§ MATERIALS PROVIDED

════════

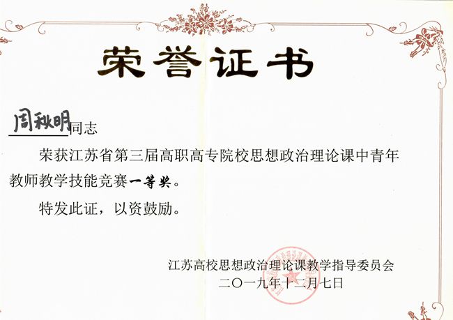12月7日在江苏经贸职业技术学院举办的江苏省第三届高职高专院校思想政治理论课中青年教师教学竞赛结果揭晓,我院周秋明老师喜获《毛泽东思想和中国特色社会主义理论体系概论》组一等奖。
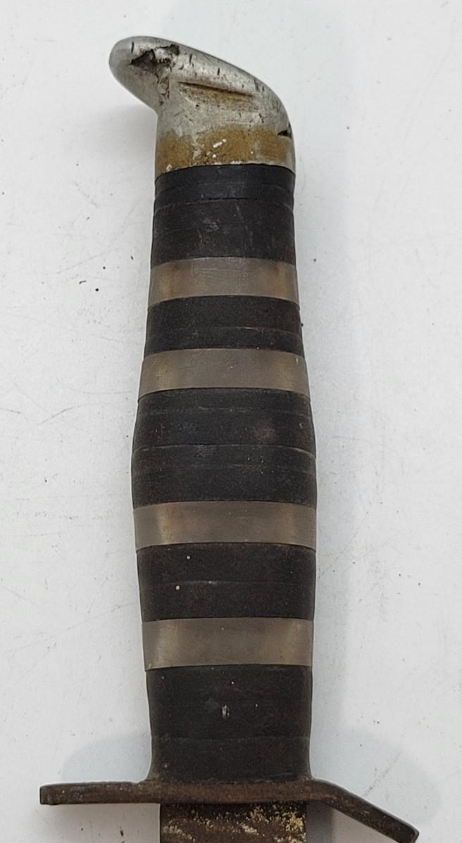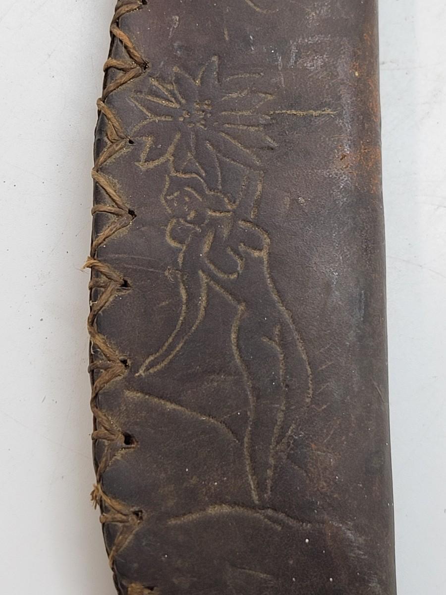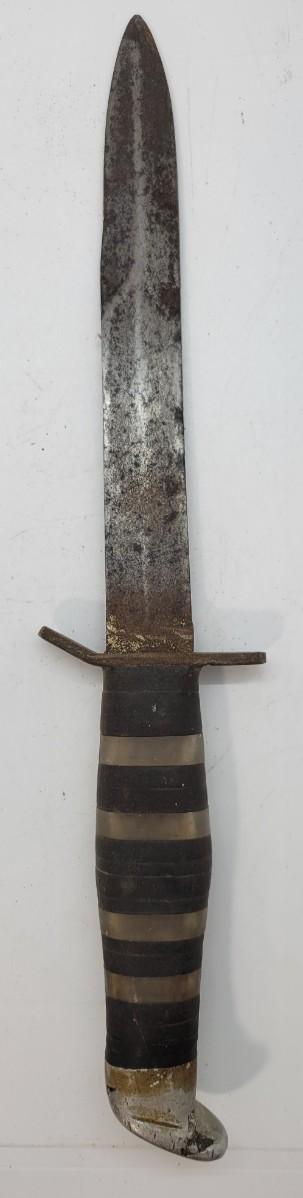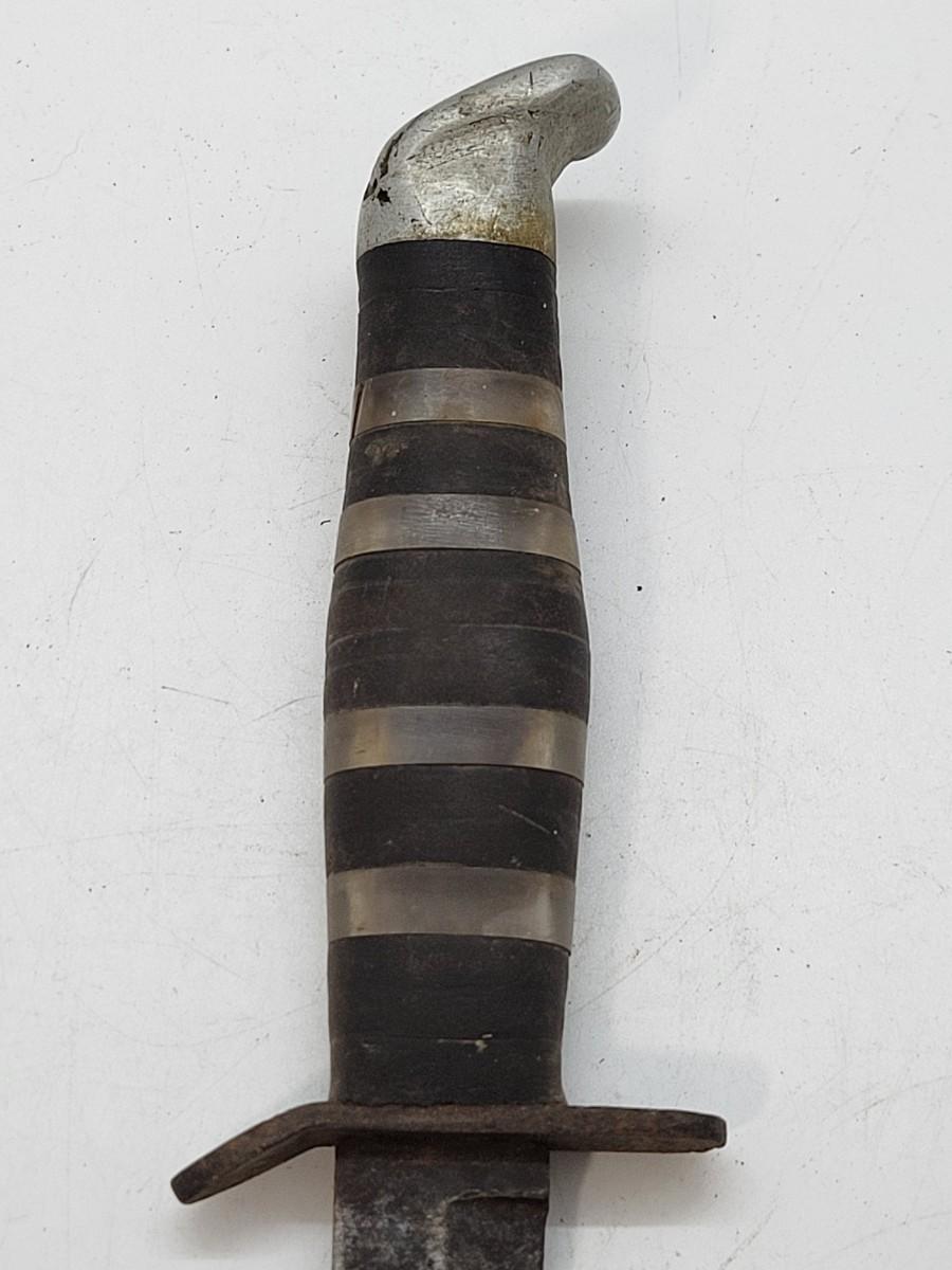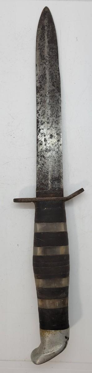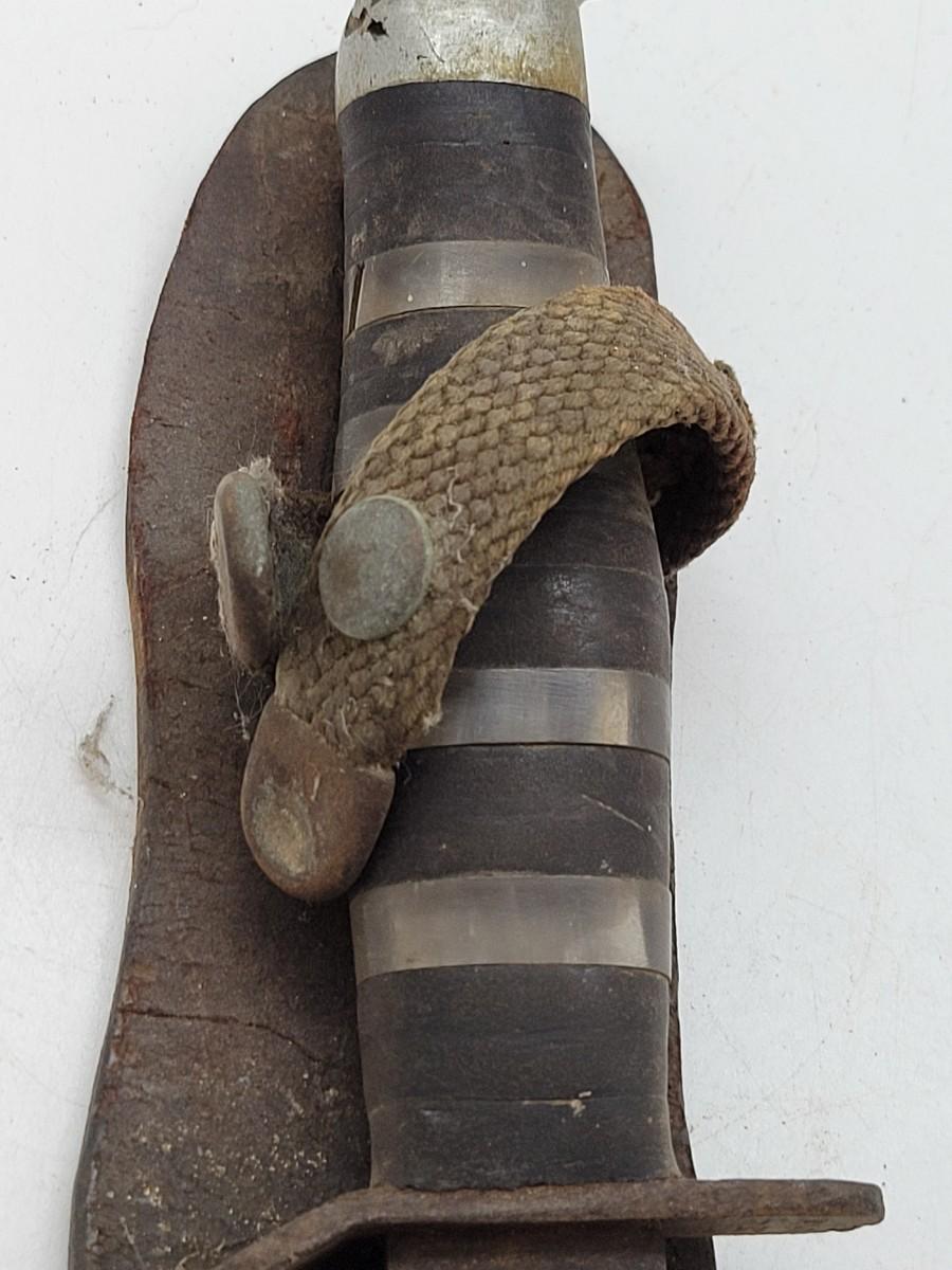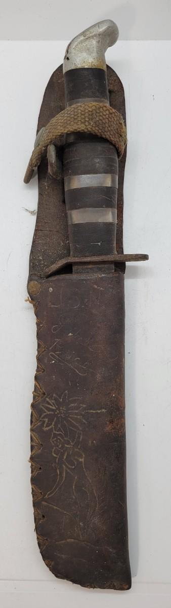 LOT 49: Vintage WW2 Fighting Knife with Plexi Glass Beads in engraved Leather Sheath
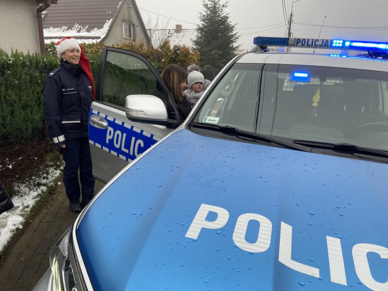 Komendant Powiatowy Policji w Szczytnie insp. Radosław Drach wręczył Gabrysi upominek, dziewczynka zobaczyła z bliska policyjny radiowóz, specjalnie dla niej mundurowi włączyli sygnały świetlne oraz dźwiękowe.
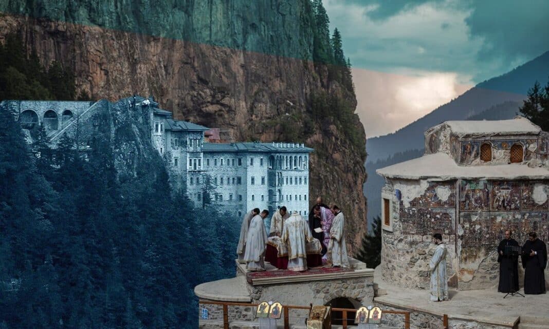 Πριν τελεστεί τελικά στις 23 Αυγούστου η Θεία Λειτουργία, οι Τούρκοι επιχείρησαν να…φτιάξουν κλίμα. Το Ινστιτούτο Ερευνών Μαύρης Θάλασσας στο Τεχνικό Πανεπιστήμιο Καραντενίζ εξέδωσε ανακοίνωση σχετικά με την ορθόδοξη λειτουργία που θα τελεστεί στη Μονή Σουμελά. Η δήλωση περιγράφει λεπτομερώς τον ιστορικό ρόλο του Οικουμενικού Πατριαρχείου, την οικουμενικότητα του οποίου δεν αναγνωρίζουν επ΄ουδενί οι Τούρκοι, και τα σημερινά του σύνορα.
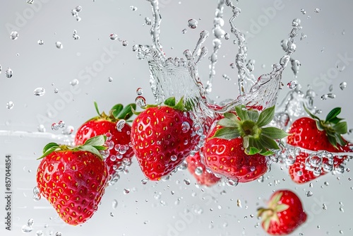 strawberries in flight fall into water, splashes of water, white background, food levitation
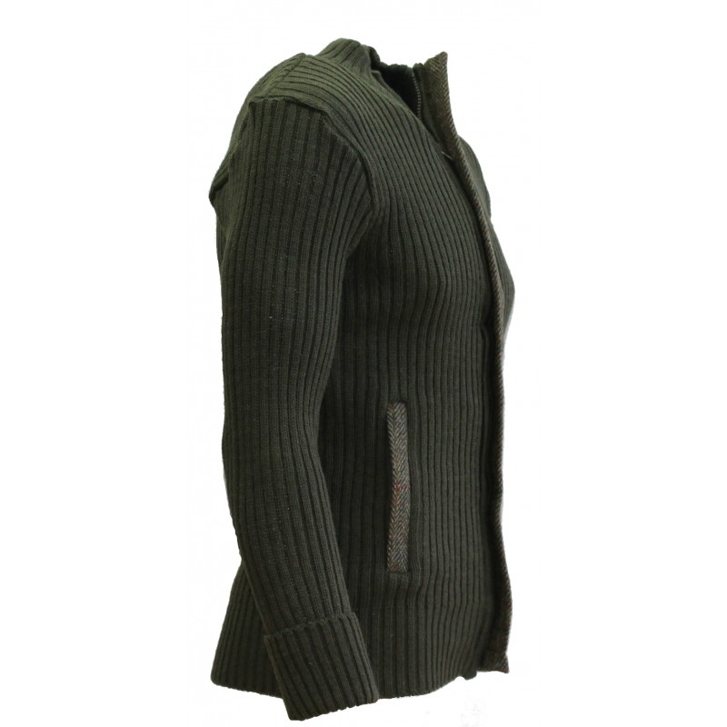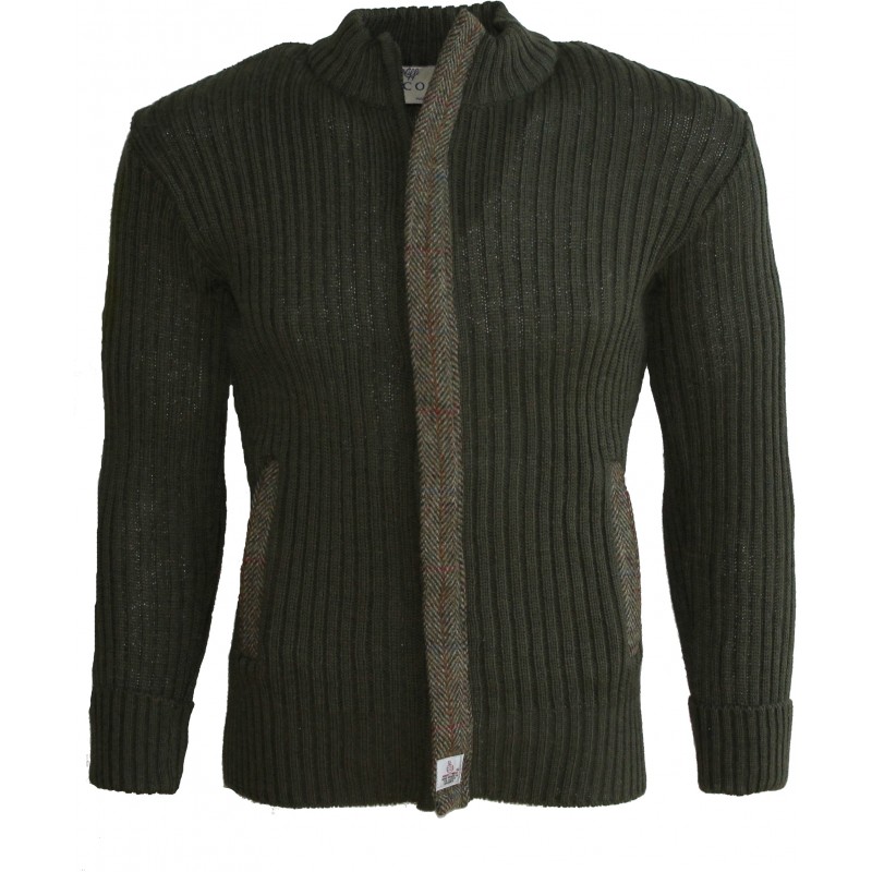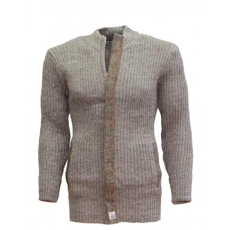 Full zip cardigan with full front placket in Harris Tweed and 2 integral zip closing side pockets with Harris tweed zip guard to pockets made from 100% British Wool.
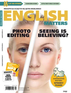W numerze: This & That This & That Sound & Speech Phonemic Symbols: /ʒ/ People and lifestyle Peek at Cillian Murphy Culture Captivating Comic Cons Deceived by Appearances Focus on Language Batory – the Lucky Ship Conversation Matters Spooky Fear Controversial Debate Topics Ethics of Photo Editing Tips Lucky 7 Language Situations What do You Know About the Apostrophe Travel A Weekend in Budapest Leisure Cool Coldplay Personal Glance at the US Rack Your Brain Do pobrania ze strony magazynu: + Lista słówek + Karta pracy dla nauczyciela + Pliki MP3 nagrane do wybranych artykułów Zobacz także: ENGLISH MATTERS W PRENUMERACIE Kody QR w English Matters! Skanując kod QR szybko, wygodnie i bez podawania hasła pobierzesz plik MP3 na swój telefon komórkowy!Aby pobrać pliki MP3, wystarczy na telefonie z aparatem zainstalować aplikację, która umożliwia odszyfrowanie kodu. Odpowiedni program można za darmo pobrać z naszej strony.

════════

§ EXERCISE BRIEF
Every line from the one with "Komendant Powiatowy Policji" through the last line of the listing above must be written out exactly, and no picture may appear.

§ SOLUTION
 Komendant Powiatowy Policji w Szczytnie insp. Radosław Drach wręczył Gabrysi upominek, dziewczynka zobaczyła z bliska policyjny radiowóz, specjalnie dla niej mundurowi włączyli sygnały świetlne oraz dźwiękowe.
 Πριν τελεστεί τελικά στις 23 Αυγούστου η Θεία Λειτουργία, οι Τούρκοι επιχείρησαν να…φτιάξουν κλίμα. Το Ινστιτούτο Ερευνών Μαύρης Θάλασσας στο Τεχνικό Πανεπιστήμιο Καραντενίζ εξέδωσε ανακοίνωση σχετικά με την ορθόδοξη λειτουργία που θα τελεστεί στη Μονή Σουμελά. Η δήλωση περιγράφει λεπτομερώς τον ιστορικό ρόλο του Οικουμενικού Πατριαρχείου, την οικουμενικότητα του οποίου δεν αναγνωρίζουν επ΄ουδενί οι Τούρκοι, και τα σημερινά του σύνορα.
 strawberries in flight fall into water, splashes of water, white background, food levitation
 Full zip cardigan with full front placket in Harris Tweed and 2 integral zip closing side pockets with Harris tweed zip guard to pockets made from 100% British Wool.
W numerze: This & That This & That Sound & Speech Phonemic Symbols: /ʒ/ People and lifestyle Peek at Cillian Murphy Culture Captivating Comic Cons Deceived by Appearances Focus on Language Batory – the Lucky Ship Conversation Matters Spooky Fear Controversial Debate Topics Ethics of Photo Editing Tips Lucky 7 Language Situations What do You Know About the Apostrophe Travel A Weekend in Budapest Leisure Cool Coldplay Personal Glance at the US Rack Your Brain Do pobrania ze strony magazynu: + Lista słówek + Karta pracy dla nauczyciela + Pliki MP3 nagrane do wybranych artykułów Zobacz także: ENGLISH MATTERS W PRENUMERACIE Kody QR w English Matters! Skanując kod QR szybko, wygodnie i bez podawania hasła pobierzesz plik MP3 na swój telefon komórkowy!Aby pobrać pliki MP3, wystarczy na telefonie z aparatem zainstalować aplikację, która umożliwia odszyfrowanie kodu. Odpowiedni program można za darmo pobrać z naszej strony.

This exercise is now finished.